Castle ruin in Shathah District, Syria

Bourzey (Note: Also known as Bourzo, Borzé, Borzeih, or Barzuya, which might be derived from برج - burc meaning tower.) castle, also known as Mirza castle (قلعة ميرزا), is located at the border of Syria coastal mountains and Ghab valley, 25 km away from Jisr al-Shughur, at altitude 450 m. The inscriptions and mentioning of the castle relate it to the Byzantine era in the 11th century. Architecturally, it has a triangular shape.
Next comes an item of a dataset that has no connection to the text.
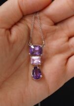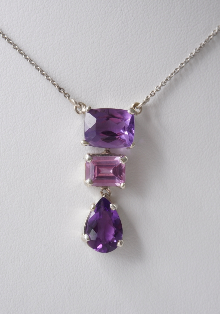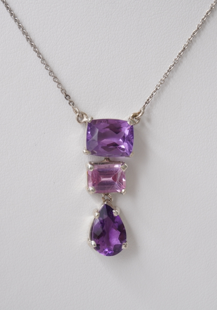 Colgante de plata 925 en combinación con tres piedras, Amatista y Rosa de Francia.

The western façade is 175 m, the eastern is 50 m. The southern and eastern façades are adjacent to deep gorges, but the western façade is the least steep. There are 21 towers and a small church on the surface.

==History==
From the Seleucid era, the castle's hill played a role under the ancient name "Lysias" to secure the connection between the cities of Laodicea and Apamea. In 65 BC, Roman general, Pompey, controlled the region. Later on, the Byzantines built the castle on the hill. In 948/9, the commander Abu al-Hagar controlled the castle on behalf of the emir of Aleppo, Sayf al-Dawla.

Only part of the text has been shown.